The benefits and risks of AI and post-human life – Independent Australia
Philosophers involved in the theories of post-humanism and transhumanism are captivated by the possibilities, or dangers, that the future poses to our understanding of human life.
According to Wikipedia, the idea of the post-human originates in the fields of science fiction, futurology, contemporary art and philosophy that literally refers to a person or entity that exists in a state beyond being human. In other words, a human so advanced that he or she is more or less distinct from our current conception of the ordinary person. This will mostly be facilitated by technological developments.
Steps towards post-humanism are already set in motion: they are not simply dystopian fantasies. Despite some of the hype around AI and robots might lead us to believe, none of these massive changes are happening soon. These developments will be made in incrementally; often two steps forwards and three steps back. This is more linked to the way we humans are, rather than to the state of technology.
Philosophers such as Francesca Ferrando argue that transhumanism understands the meaning of humanity, in relation to technology and ecology. We should start to see humans not as the pinnacle of evolution and the rulers of the world, but as an integral part of the biosphere equal to other organisms. No longer can it be ”them and us”, with uncontrolled exploitation.
Humans are tribalistic in nature. There is discrimination between gender, race, nationality, ability. We will need to overcome this, yet progress here isn’t linear. It is questionable if humanity can overcome tribalism. We might solve some form of these issues. At the same time, humans in their current form will rapidly find new ones to fight over (technology, robots, AI and so on).

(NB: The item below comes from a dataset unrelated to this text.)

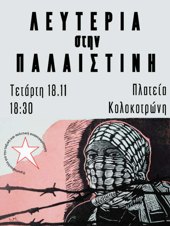 Όλοι-ες στους δρόμους! Λευτεριά στην Παλαιστίνη- Νίκη στα όπλα της Αντίστασης - Ξεσηκωμός ενάντια στην ιμπεριαλιστική και σιωνιστική βαρβαρότητα και στη συμμετοχή του ελληνικού κράτους σε αυτήν -Διαδήλωση προς τις πρεσβείες ΗΠΑ και ΕΕ, Τετάρτη 18/10 Σύνταγμα 7μμ, προσυγκέντρωση 6.30μμ Πλ. Κολοκοτρώνη - Συμμετέχουμε στο μπλοκ της Συνέλευσης Αλληλεγγύης στην Παλαιστινιακή Αντίσταση

In order to overcome some of these deeply ingrained human obstacles, post-humanism points to technologies that can be of assistance to manage humanity and our planet earth in a more sustainable way. A prerequisite for this is open societies.
Key issues that humanity will have to surmount are corruption, despotism and roadblocks to human development, whether it be socially, culturally or economically. None of this will be easy and in the political reality of today, it could be seen as pure fantasy. But over decennia and centuries, things will change.
It is also interesting to contemplate what drives humans to develop these new technologies.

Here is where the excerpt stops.